Iconologie (Cesare Ripa, 1643)/I/Gratitude


Gratitvde, ou, Reconnoissance. LXXIII.


LE naturel de cette Vertu paroiſt en trois choſes differentes, qui ſont, vne Cygongne, vn bouquet de fleurs de febues, & vn Elephant ; par où ſe fait remarquer cette Femme qui la repreſente.

Par la Cygongne, pource, dit Orus Apollo, qu’il n’y a point d’animal qui ſoit plus reconnoiſſant que celuy-cy, qui ſoulage continuellement la vieilleſſe de ceux qui l’ont mis au monde. Car en ce meſme lieu où il a eſté nourry, il leur fait vn nid des deſpoüilles de leurs plumes inutiles, & leur donne à manger, en attendant que les bonnes leur ſoient reuenuës, & que d’eux-meſmes ils puiſſent trouuer à viure ; A raiſon dequoy cét animal eſtoit en grande conſideration chez les Egyptiens, & ſeruoit de myſterieux ornement aux Sceptres des Rois.
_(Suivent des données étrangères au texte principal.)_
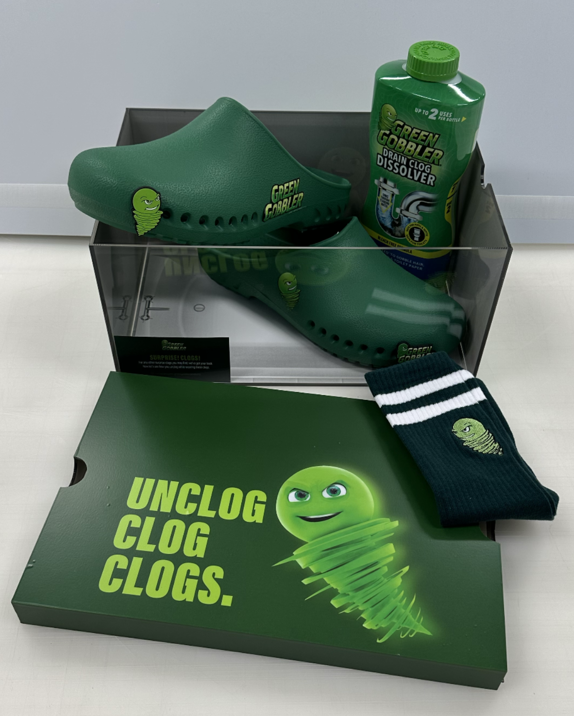 UNCLOG CLOG CLOGS came with custom socks, a bottle of Green Gobbler and custom Jibbitz for clogs all wrapped in bespoke packaging — an acrylic tub display case.

Par le Rameau de fleurs de febues ; d’autant que les legumes Lib. 18. c. 14. de cette eſpece, comme le remarque Pline, engraiſſent le terroir où elles viennent, & nous enſeignent par conſequent, Que nous deuons touſiours contribuer par nos ſoins à la bonne fortune de ceux qui ſont cauſe de la noſtre.
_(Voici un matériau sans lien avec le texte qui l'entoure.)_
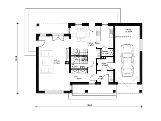 Passen Sie den Grundriss an Ihre persönlichen Bedürfnisse an und besprechen Sie Ihren individuellen Plan mit einem Bauberater des Anbieters.

Par l’Elephant, pource que cét animal n’oublie iamais le bien qu’il a receu. Teſmoin celuy dont parle Elian, qui voyant ſon Maiſtre mort par la violence de ſes ennemis, le print auecque ſa trompe, & le porta dans ſon eſtable, où il fut longtemps pres de luy ſans vouloir manger, auec de ſi grandes demonſtrations de dueil, que tous ceux qui le voyoient en eſtoient eſmeus à pitié.